Main Article Content
Older adult; body composition; nutritional status; primary health care centers; Saudi Arabia.
Objective: Measuring body composition gives an indication of the health status of older adults. To the best of our knowledge, there is no detailed investigation performed to assess body composition and its relationship with nutritional status in older adults, particularly in community-dwelling older adults. Thus, the aim of the study is to assess body composition and its relationship with nutritional status in older adults. Methods: A cross-sectional descriptive study with a multistage stratified sampling design was carried out in community-dwelling older adults in Riyadh city, the capital of the Kingdom of Saudi Arabia. Bioelectrical impedance analysis was used to analyze body composition. Furthermore, the association between body composition and nutrition status [assessed using the mini-nutritional assessment (MNA®) tool], was determined. Results: There were significant differences between older men and women with respect to body composition. Percentage body fat (PBF), fat mass, and fat mass index (FMI) were strongly positively correlated with body mass index (BMI).

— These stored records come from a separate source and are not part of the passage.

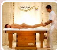
Rituale del massaggio
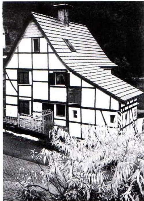
Das alte Fachwerkhaus Loloeh Nr. 7 von Ernst Stuckmann sen.

Besonders schön zeigt sich der rechte traufseitige Anbau mit Pult- bzw. Schleppehdach am Stuckmann-Haus Nr. 7, wo ein Stall und ein kleiner Heuboden erkennbar bleiben.
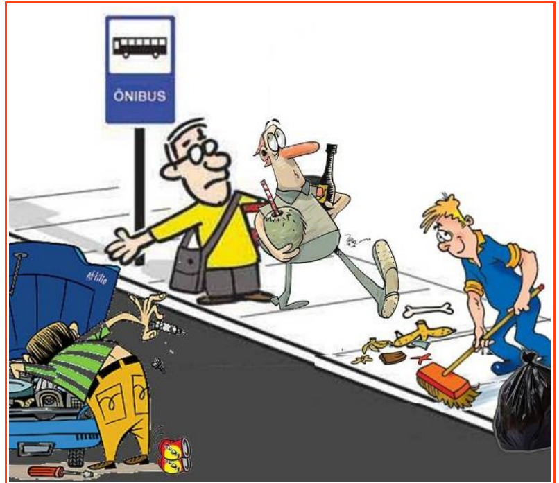
Figura 12 - https://cadeiranteemprimeirasviagens.wordpress.com/tag/calçadas/

Devemos contribuir também mantendo nossas calçadas limpas e roçadas, nada de matinhos, pessoal! Não colocar entulhos de construção nas calçadas, ou quaisquer materiais que possam impedir que os pedestres as utilizem, pois precisamos garantir também a segurança de todos.
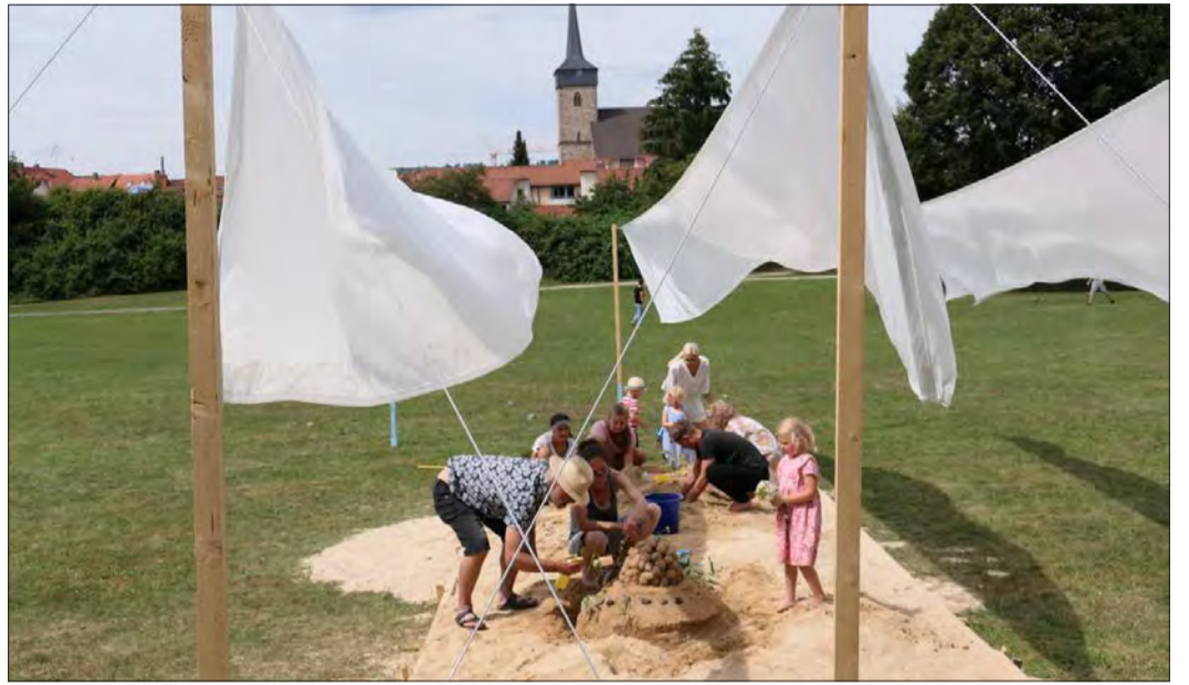
Mit Eifer widmete sich Groß und Klein dem Bau der Sandburgen auf der Mauerwiese.
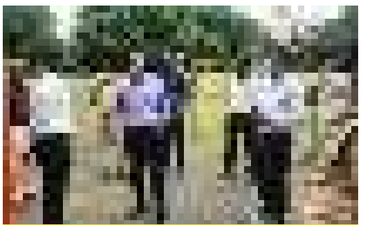
कलेक्टर तथा पुलिस अधीक्षक ने लिया समारोह स्थल का जायजा

स्वतंत्रता दिवस के मुख्य आयोजन स्थल पर प्रशासनिक अमले द्वारा संपूर्ण तैयारियां पूर्ण कर ली गई हैं। इसके पहले 13 अगस्त
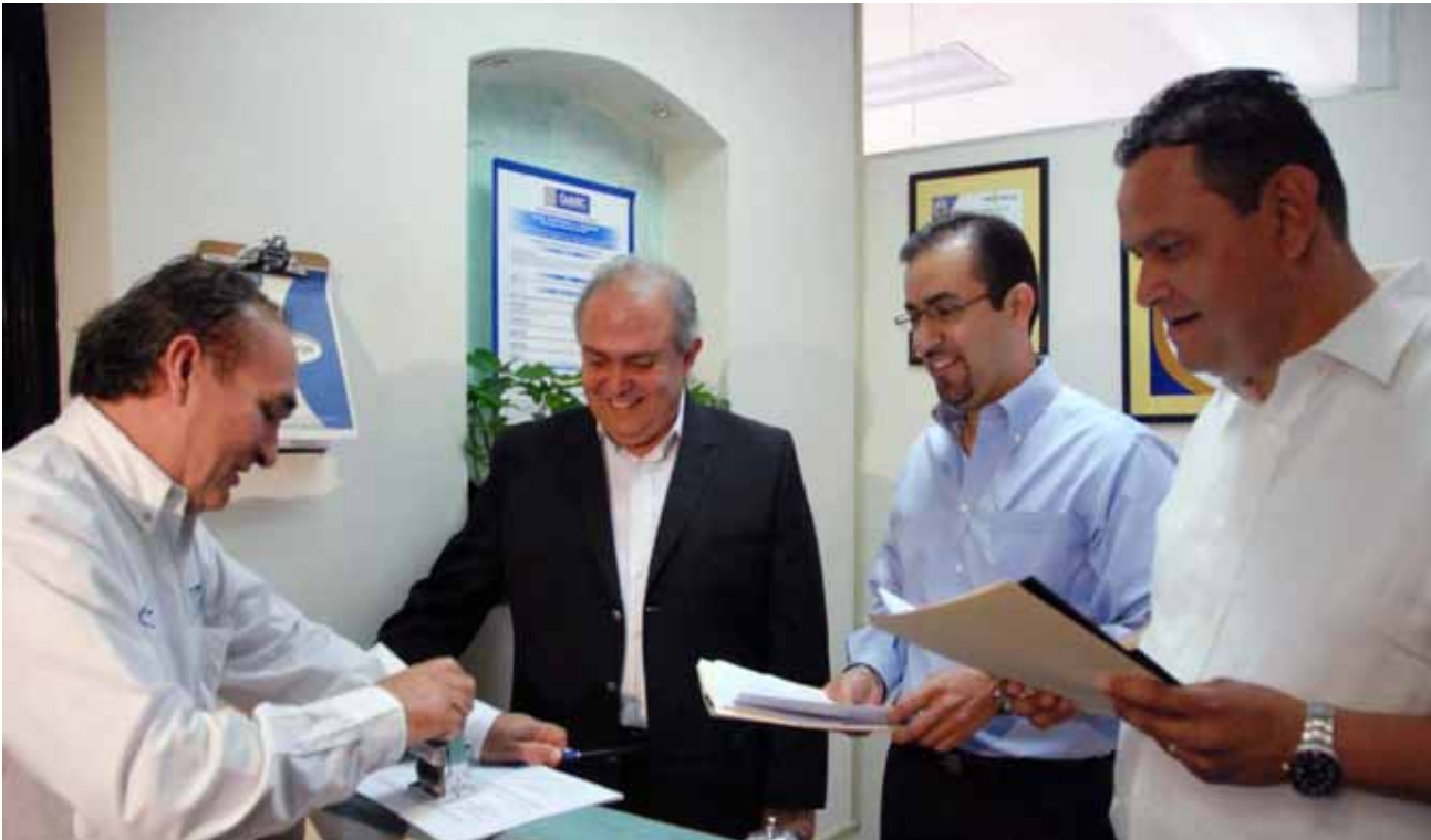
“Campaña de Entrega Oportuna de Declaración Patrimonial” en Gobierno del Estado, Mexicali.

Se llevaron a cabo dos mil 187 avalúos en toda la entidad, de los cuales 449 fueron exentos de pago, lo que generó un ahorro en servicios de valuación externa al Gobierno del Estado por un monto de 3 millones 181 mil pesos. Por otro lado, se generaron ingresos por 1 millón 623 mil pesos por concepto de elaboración de avalúos.
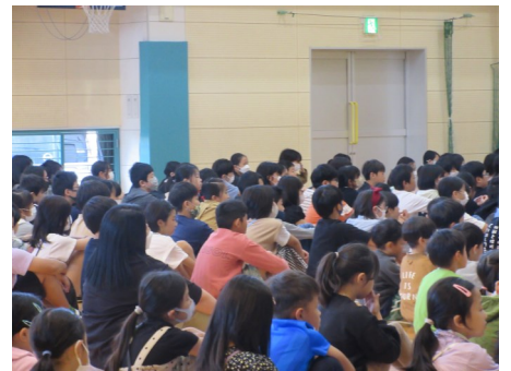
真剣に話を聴く子どもの姿

Those who were classified as malnourished had significantly lower BMI, PBF, fat mass, FMI, fat-free mass, and muscle mass compared to those classified as at risk of malnutrition or well-nourished. Multiple logistic regression highlighted the positive impact of various body composition measures on nutritional status. Calf circumference ˃31cm, significantly decreased the odds ratio (OR) of being malnourished (OR 0.055, C.I. 0.037-0.082). Conclusions: There are differences in body composition between older men and older women, and there is an association between body composition and nutritional status in older adults.